**WHAT IS EXPECTED:** Starting with the line that has "La riqueza específica" in the records below and stopping after the line that has "Reminiscent of Princess", output every line exactly and nothing else; skip pictures.

**INPUT DATA:**
#####

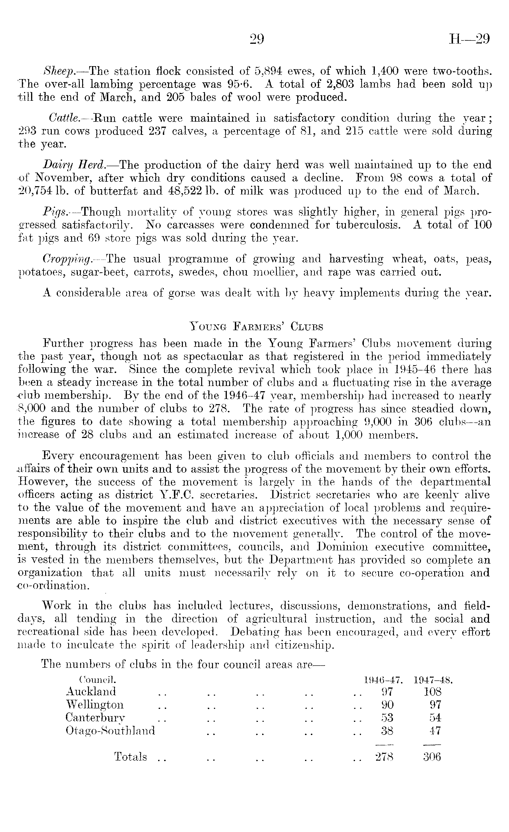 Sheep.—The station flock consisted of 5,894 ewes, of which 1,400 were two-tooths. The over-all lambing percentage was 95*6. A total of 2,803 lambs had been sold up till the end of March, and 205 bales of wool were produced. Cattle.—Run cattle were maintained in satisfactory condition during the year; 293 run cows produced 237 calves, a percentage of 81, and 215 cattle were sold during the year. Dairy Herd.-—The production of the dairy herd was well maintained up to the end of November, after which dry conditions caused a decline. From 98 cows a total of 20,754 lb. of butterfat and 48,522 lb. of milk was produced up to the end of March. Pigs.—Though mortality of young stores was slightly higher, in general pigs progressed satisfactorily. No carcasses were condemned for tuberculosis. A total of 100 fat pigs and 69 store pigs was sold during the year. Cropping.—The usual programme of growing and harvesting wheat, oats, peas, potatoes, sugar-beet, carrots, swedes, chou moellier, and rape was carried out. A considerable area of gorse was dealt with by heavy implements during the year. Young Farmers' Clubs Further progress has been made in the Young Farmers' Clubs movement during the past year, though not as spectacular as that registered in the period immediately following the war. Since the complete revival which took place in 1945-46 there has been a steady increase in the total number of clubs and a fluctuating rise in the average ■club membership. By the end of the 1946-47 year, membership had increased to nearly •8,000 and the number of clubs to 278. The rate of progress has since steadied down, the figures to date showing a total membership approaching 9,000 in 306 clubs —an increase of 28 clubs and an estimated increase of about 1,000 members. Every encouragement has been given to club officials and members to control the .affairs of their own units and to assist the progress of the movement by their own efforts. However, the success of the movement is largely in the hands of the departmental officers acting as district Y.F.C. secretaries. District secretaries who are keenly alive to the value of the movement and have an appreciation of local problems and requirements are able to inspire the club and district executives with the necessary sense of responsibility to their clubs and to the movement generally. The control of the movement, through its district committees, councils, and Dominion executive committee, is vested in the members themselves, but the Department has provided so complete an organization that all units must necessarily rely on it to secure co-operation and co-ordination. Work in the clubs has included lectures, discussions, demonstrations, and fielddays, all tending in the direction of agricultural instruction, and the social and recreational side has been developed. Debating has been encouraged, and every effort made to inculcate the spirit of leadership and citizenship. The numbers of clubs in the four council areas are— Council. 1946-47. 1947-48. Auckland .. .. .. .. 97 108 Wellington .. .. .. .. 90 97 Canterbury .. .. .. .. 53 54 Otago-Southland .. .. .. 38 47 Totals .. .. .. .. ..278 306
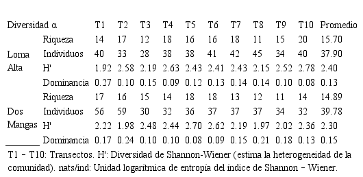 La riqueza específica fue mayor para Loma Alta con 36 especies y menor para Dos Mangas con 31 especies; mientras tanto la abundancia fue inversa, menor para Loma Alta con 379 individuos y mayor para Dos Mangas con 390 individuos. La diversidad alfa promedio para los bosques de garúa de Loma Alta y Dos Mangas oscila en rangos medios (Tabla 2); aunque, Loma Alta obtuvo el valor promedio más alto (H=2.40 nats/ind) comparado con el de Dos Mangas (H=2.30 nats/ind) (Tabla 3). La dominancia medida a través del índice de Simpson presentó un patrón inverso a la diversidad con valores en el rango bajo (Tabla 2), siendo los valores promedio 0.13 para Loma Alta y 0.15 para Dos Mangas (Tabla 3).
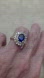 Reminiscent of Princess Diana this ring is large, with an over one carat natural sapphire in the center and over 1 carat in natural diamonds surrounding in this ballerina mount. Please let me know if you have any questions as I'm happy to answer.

#####

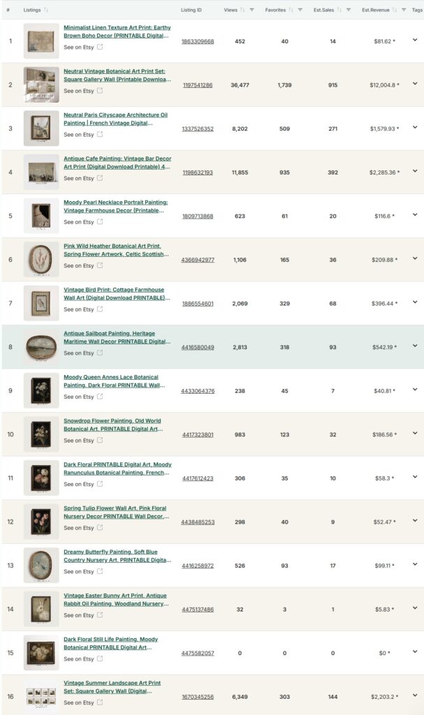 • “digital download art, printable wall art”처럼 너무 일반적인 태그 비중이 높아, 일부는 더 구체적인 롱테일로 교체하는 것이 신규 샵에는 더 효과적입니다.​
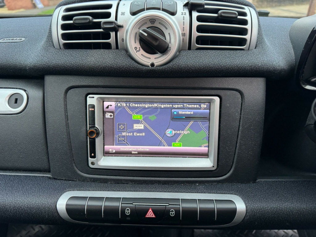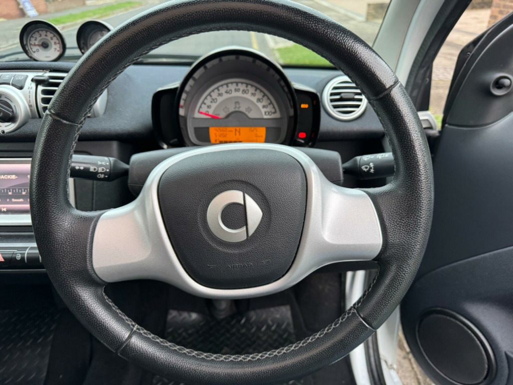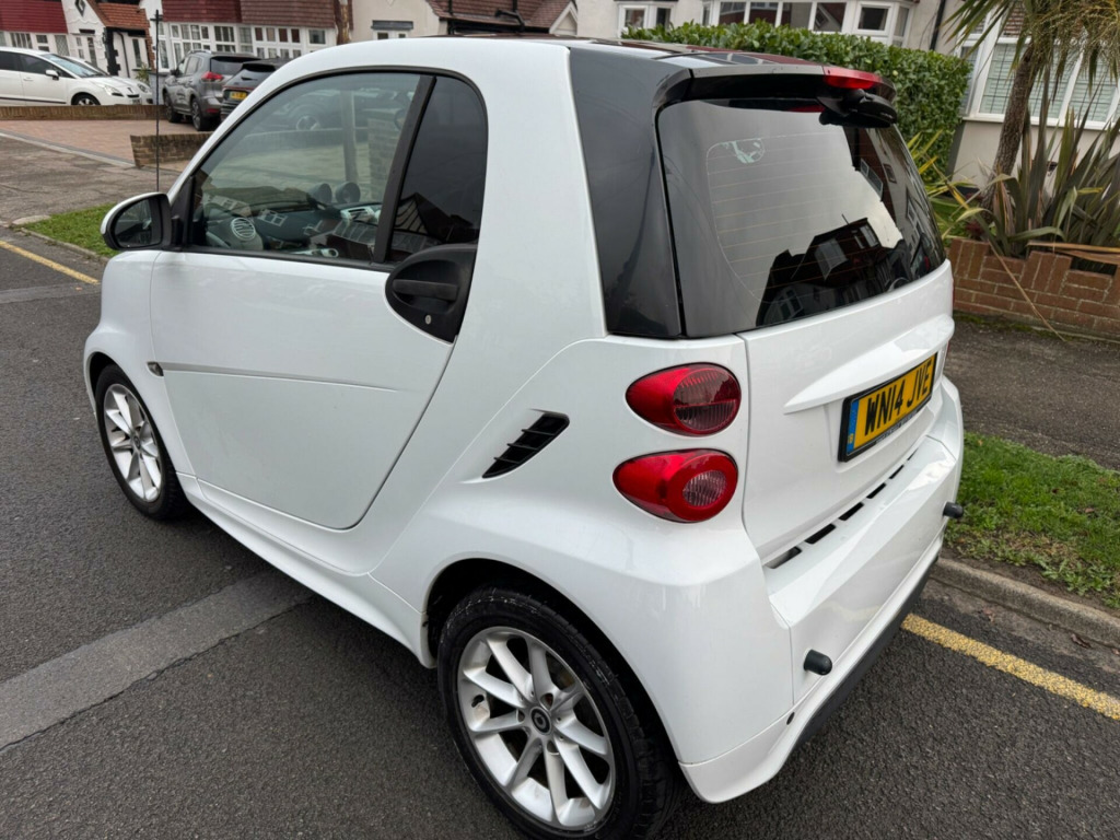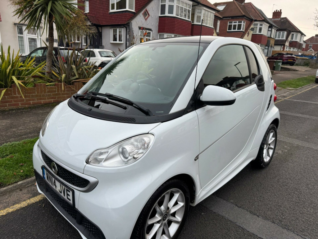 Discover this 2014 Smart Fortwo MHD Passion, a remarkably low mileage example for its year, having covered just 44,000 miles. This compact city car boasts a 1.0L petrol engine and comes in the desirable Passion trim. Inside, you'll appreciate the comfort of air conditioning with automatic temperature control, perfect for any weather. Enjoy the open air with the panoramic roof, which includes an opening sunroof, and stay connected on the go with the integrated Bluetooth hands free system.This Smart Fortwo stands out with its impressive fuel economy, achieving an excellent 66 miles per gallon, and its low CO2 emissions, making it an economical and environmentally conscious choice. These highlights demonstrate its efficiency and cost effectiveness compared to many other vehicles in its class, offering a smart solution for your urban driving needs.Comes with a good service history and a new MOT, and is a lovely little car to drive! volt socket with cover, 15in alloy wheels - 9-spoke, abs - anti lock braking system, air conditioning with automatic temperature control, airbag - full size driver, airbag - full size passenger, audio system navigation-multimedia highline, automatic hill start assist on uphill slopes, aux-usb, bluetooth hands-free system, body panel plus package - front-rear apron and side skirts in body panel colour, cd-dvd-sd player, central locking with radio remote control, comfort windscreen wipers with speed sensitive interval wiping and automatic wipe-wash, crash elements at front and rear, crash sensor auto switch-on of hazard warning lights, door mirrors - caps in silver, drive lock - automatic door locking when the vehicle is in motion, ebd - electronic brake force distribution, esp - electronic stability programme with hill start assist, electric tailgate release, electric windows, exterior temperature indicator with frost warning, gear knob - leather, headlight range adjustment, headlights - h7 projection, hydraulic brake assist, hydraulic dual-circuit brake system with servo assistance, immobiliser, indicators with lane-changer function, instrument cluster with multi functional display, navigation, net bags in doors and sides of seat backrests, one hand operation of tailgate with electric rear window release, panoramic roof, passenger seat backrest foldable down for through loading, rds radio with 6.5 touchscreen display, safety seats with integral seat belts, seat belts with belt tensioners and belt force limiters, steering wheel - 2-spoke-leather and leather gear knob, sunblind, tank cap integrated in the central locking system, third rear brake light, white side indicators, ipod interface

#####

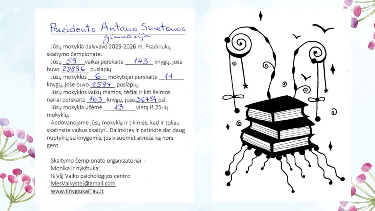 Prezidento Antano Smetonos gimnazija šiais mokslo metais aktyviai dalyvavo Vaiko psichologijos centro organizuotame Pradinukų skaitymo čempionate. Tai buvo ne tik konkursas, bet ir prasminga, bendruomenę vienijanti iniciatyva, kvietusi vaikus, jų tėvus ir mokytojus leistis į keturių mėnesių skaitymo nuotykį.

#####

**THE COMPLETED TASK:**
 La riqueza específica fue mayor para Loma Alta con 36 especies y menor para Dos Mangas con 31 especies; mientras tanto la abundancia fue inversa, menor para Loma Alta con 379 individuos y mayor para Dos Mangas con 390 individuos. La diversidad alfa promedio para los bosques de garúa de Loma Alta y Dos Mangas oscila en rangos medios (Tabla 2); aunque, Loma Alta obtuvo el valor promedio más alto (H=2.40 nats/ind) comparado con el de Dos Mangas (H=2.30 nats/ind) (Tabla 3). La dominancia medida a través del índice de Simpson presentó un patrón inverso a la diversidad con valores en el rango bajo (Tabla 2), siendo los valores promedio 0.13 para Loma Alta y 0.15 para Dos Mangas (Tabla 3).
 Reminiscent of Princess Diana this ring is large, with an over one carat natural sapphire in the center and over 1 carat in natural diamonds surrounding in this ballerina mount. Please let me know if you have any questions as I'm happy to answer.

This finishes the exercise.